Originalité. Pour capter l’attention, il faut une histoire originale à raconter. La première chose est donc de trouver « la » bonne idée, celle que les autres journalistes n’auront pas. On la trouve parfois en cherchant à contre-courant.

Documentation. Pour bien comprendre ce que l’on va voir et tenter ensuite de le relater, il faut avoir une idée, au moins petite, de ce qui vous attend une fois en terrain inconnu. Se documenter sur le sujet est un impératif.

Angle. L’angle définit la façon dont le journaliste va traiter son sujet, en dégageant le message essentiel qu’il a retenu. L’angle est donc un message que l’on veut faire passer sur une problématique, une information donnée.

L’angle évite au reportage de devenir le « fourre-tout » où l’on tente de (mal) raconter la totalité de ce que l’on a vu. Noyer son lecteur dans un amas d’informations est l’assurance de le perdre. Définir un angle permet de faire ressortir le point fort de ce qui s’est passé. C’est un choix éditorial, une prise de position par rapport à l’événement à traiter.


Rencontres

Pour raconter, il faut rencontrer. Pour mieux rapporter les événements et leurs acteurs, il est impératif d’y aller. Faire parler les gens et (bien) les écouter permet de repérer les plus bavards, les plus truculents, les plus importants, mais aussi les discrets et les silencieux, parfois bien plus éloquents.
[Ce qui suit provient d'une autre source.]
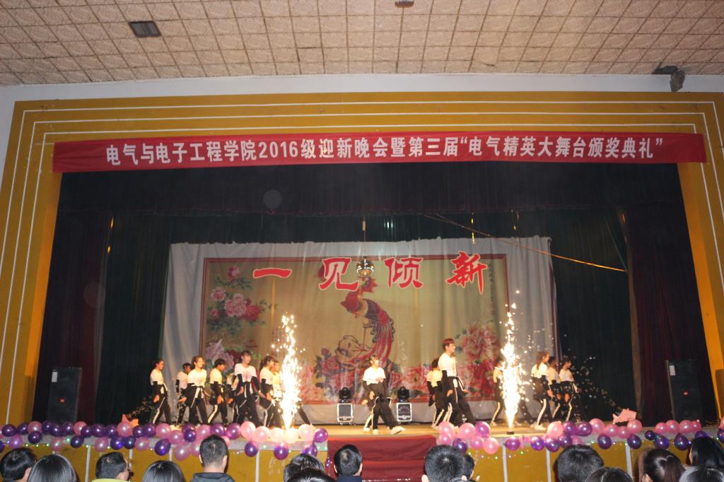 11月27日,电气与电子工程学院在第一活动中心隆重举行2016级迎新晚会暨第三届“电气精英大舞台颁奖典礼”。校党委委员、宣传部部长卫胜、校团委副书记黄立义、党总支书记张盛、副书记尚磊等出席,学院教职工、辅导员、班主任和全体2016级新生齐聚一堂,共享盛宴。

Un bon reportage s’incarne dans des personnages forts et s’exprime dans des paroles lourdes de sens.

Chaque rencontre, chaque conversation, chaque entretiendonne lieu à une minutieuse prise de notes (et/ou d’un enregistrement, avec l’accord de mes interlocuteurs). Chaque interlocuteur doit être clairement identifié et identifiable au moment de la rédaction : nom, prénom, âge, profession ou titre, mais aussi couleur des yeux et chevelure, traits physiques caractéristiques, attitude générale…


Des bruits, des couleurs, des odeurs

Le reportage donne à voir, entendre et ressentir au lecteur ce que le journaliste a lui-même vu, entendu et ressenti. Tous les sens doivent donc être placés en alerte. Il s’agit de mémoriser les données sensorielles pertinentes au moment de la rédaction. Bruits, cris d’enfants ou chants d’oiseaux, couleurs et nuances, odeurs et parfums, températures intérieure ou extérieure, confèrent du relief au récit et donnent au lecteur l’impression d’y être.

Reporter, c’est raconter les gens, la vie des gens, mais aussi le cadre de vie des gens. Il est essentiel de prendre en note tous les détails nécessaires pour les décrire avec justesse au moment de la rédaction : éléments géographiques, architecturaux, métérologiques…


Un fil conducteur

Un (bon) reportage repose sur un fil conducteur solide, tendu entre une accroche («Passée la taille minutieuse des légumes, dresser une macédoine peut paraître simple.») et une (bonne) chute, parfois en regard (« Rien ne se perd, tout se transforme, comme les légumes en macédoine.»).